In Fig. 4, it can be inferred that GGM and GF, who are not genotyped, both carry the haplotype shared by R1-R3 and P1-P2. In general, a haplotype can be imputed into an untyped proband if two genotyped relatives share a long haplotype IBD and the genealogy indicates that the path of IBD sharing goes through the proband. Standard conditions for that are:
One of the chip-typed relatives is a descendant, preferably a child or a grandchild.
With some exceptions (see 3), the other chip-typed relative should not be a descendant. Unless the mate of the proband is chip-typed, this relative is preferably substantially more closely related to the proband than the mate.
The other genotyped relative could also be a descendant if either the mate of the proband is genotyped, or the two chip-typed descendants are from different mates (e.g. half-sibs).
Condition 1 is required because one could only reliably deduce an untyped proband carry a haplotype if a descendant inherited it. Conditions 2 and 3 ensure that the chance that the shared haplotype was transmitted to the descendant through the mate instead of the proband is small. If the descendant is a grandchild, in addition to the mate of the proband, data are needed to show that the sharing of the haplotype did not go through the other two grandparents instead.

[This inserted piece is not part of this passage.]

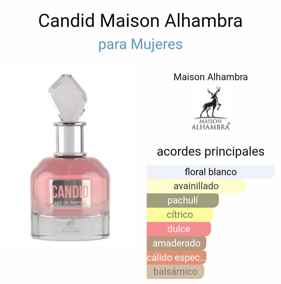 Candid de Maison Alhambra es una exquisita fragancia la familia olfativa Floral para Mujeres, conocida por ser una excelente inspiración del conocido Scandal de Jean Paul Gaultier.

Condition 1 is often the limiting factor. As indicated in Table 1, for untyped probands, the average number chip-typed relatives expected to share the paternal/maternal chromosome IBD exceeds 15. By contrast, for the un-typed probands born at or after 1900, the expected number of typed descendants carrying the paternal/maternal allele IBD is only 0.082. We define the legacy coefficient of an individual as the probability that the paternal/maternal haplotype is transmitted to at least one typed child or grandchild. For example, the legacy coefficient is 0.5 if exactly one child of the proband is chip-typed, and 0.25 if exactly one grandchild is typed (Supplementary Methods). The legacy coefficient, with some discount, should be about the probability that the paternal/maternal haplotype of an untyped proband can be imputed.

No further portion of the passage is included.